Может, враг — слишком сильно сказано. Но с этого момента Гумер сжимался, как пружина, и с ненавистью смотрел в дверь, из которой должен был вскоре появиться злой дух по фамилии Сафаров.
Он никогда не приходил без предупреждения.
Когда он там, в своем кабинете, поднимал трубку, здесь, в цехе, знали, что звонит Сафаров. Даже телефон менял тембр звонка. Во всяком случае Гумер, оглохший от грохота барабанов, не различавший иногда слов рядом стоящих людей, этот звонок слышал.

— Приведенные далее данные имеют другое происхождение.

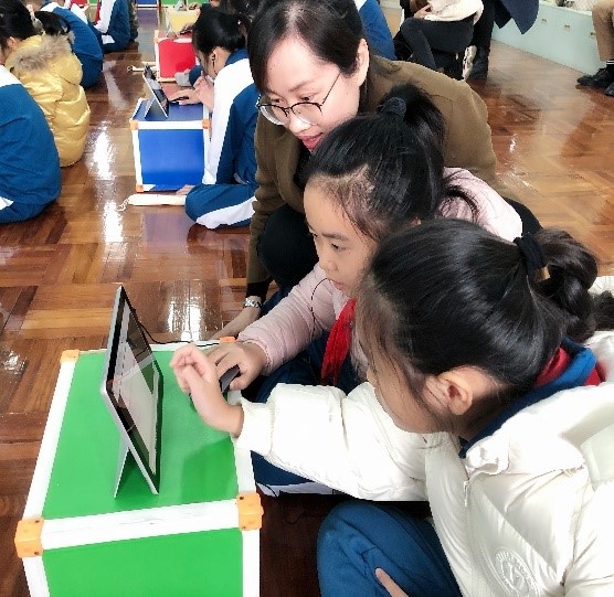 首先由石岐中心小學(xué)大信學(xué)校謝華老師帶來四年級豎笛旋律創(chuàng)編課《吹好sol la si》。謝老師重點教授豎笛sol la si的吹奏指法。她通過三條節(jié)奏練習(xí)讓學(xué)生熟悉sol la si三個音的指法,隨后用“師問生答”的方式引導(dǎo)學(xué)生進(jìn)行旋律創(chuàng)編,鞏固了學(xué)生對sol la si三個音的指法掌握,最后學(xué)生兩人一組在平板設(shè)備上通過西貝柳斯軟件用sol la si三音進(jìn)行旋律創(chuàng)編并展示。謝老師教學(xué)設(shè)計新穎獨特,在傳統(tǒng)課堂的基礎(chǔ)上加入了數(shù)字化信息設(shè)備,各個環(huán)節(jié)環(huán)環(huán)相扣,層層深入,為大家?guī)砹艘还?jié)豎笛與創(chuàng)編相結(jié)合的優(yōu)質(zhì)課。謝老師這一節(jié)音樂課又“新”又“潮”,華師附小的老師直言讓人大開眼界,令人稱奇。
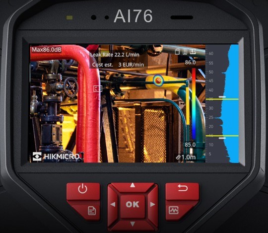 • Kvantifiering och Besparing: Många moderna kameror kan, via inbyggd mjukvara kvantifiera läckaget i volym (t.ex. liter/minut eller CFM) och omedelbart uppskatta den årliga energikostnaden för läckaget. Detta ger ett direkt beslutsunderlag för underhållsteamet om vilka läckor

Главный инженер не приходил, а возникал. Маленький, юркий, с мохнатыми рыжими бровями над светлыми пронзительными глазами, он приносил с собой ощущение тревоги и беды.
В цехе его не любили и боялись. Кто-то всерьез утверждал, что Сафаров может взглядом остановить любую машину. Даже многотонные вращающиеся барабаны. Однажды один из них остановился, когда Сафаров снял кепку, чтобы вытереть пот со лба. Авария произошла из-за прорыва кабеля, но люди связали ее с кепкой главного инженера.

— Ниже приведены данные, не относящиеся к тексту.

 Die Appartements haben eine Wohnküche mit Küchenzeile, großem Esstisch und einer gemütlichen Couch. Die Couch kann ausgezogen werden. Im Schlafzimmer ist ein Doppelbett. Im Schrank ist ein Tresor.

«Слушай, Гумер! — взмолился как-то старый мастер. — Скажи ему, чтоб не ходил сюда. Когда он здесь, механизмы не хотят работать. Или пусть приходит без кепки».

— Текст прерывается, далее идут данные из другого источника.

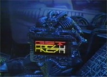 Get Fresh was set aboard a space ship, the Millennium Dustbin, with hosts Charlotte Hindle, Adrian Mole's Gian Sammarco and Gareth Evans (aka Gaz Top). The space ship would turn up at a different venue each week, usually a public park, where stages would be set up for the performers. Scottish, Tyne Tees, Ulster, Border and HTV among others would each week take their turn at getting the spaceship around the country on Saturdays, while Border took control on Sunday mornings.
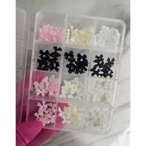 Misturada 3D arco resina unha encantos de arte, Bowknot florzinha Flatback Nail Gems DIY Manicure Decorações
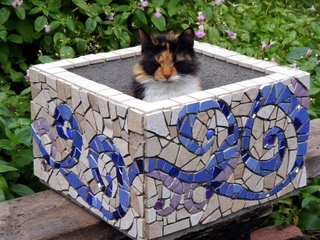 Вы можете купить старые горшки с растениями на распродаже автомобильных багажников, или они довольно дешевы, чтобы купить новые. Плитка лучше приклеится к посуде, терракотовым или глиняным горшкам, чем к пластику.

Гумер посмеялся, но просьба запомнилась. Иной раз ему смертельно хотелось пощупать голову главного инженера — нет ли там, под волосами, рожков. Только это было невозможно, потому что Сафаров всегда ходил в кепке. Старой, потертой, с надломленным козырьком.
В штурмовую декаду, когда люди выматывались до чертиков в глазах, они начинали верить во всякую чертовщину.
Но Сафарову на это было наплевать.
Он возникал в самый неподходящий момент, когда в цехе выходило что-нибудь из строя.
Как ему сказать, что поломки происходили из-за его кепки?
А начиналось у них, видимо, так: сначала стычки, потом — ссоры, на людях и наедине, проросшие в устойчивое откровенное недоброжелательство, а то — и вражду. Со временем они, конечно, стали избегать открытых столкновений, да и как иначе? Работа есть работа, каждый занят по горло своим делом, и оба понимали, что, как бы ни складывались и ни сложились уже их отношения, они не могут позволить себе открытого, бескомпромиссного столкновения — тогда кто-то из двух должен победить, а кто-то проиграть. И следовательно, уйти с фабрики. Кто из них первым это понял — неясно.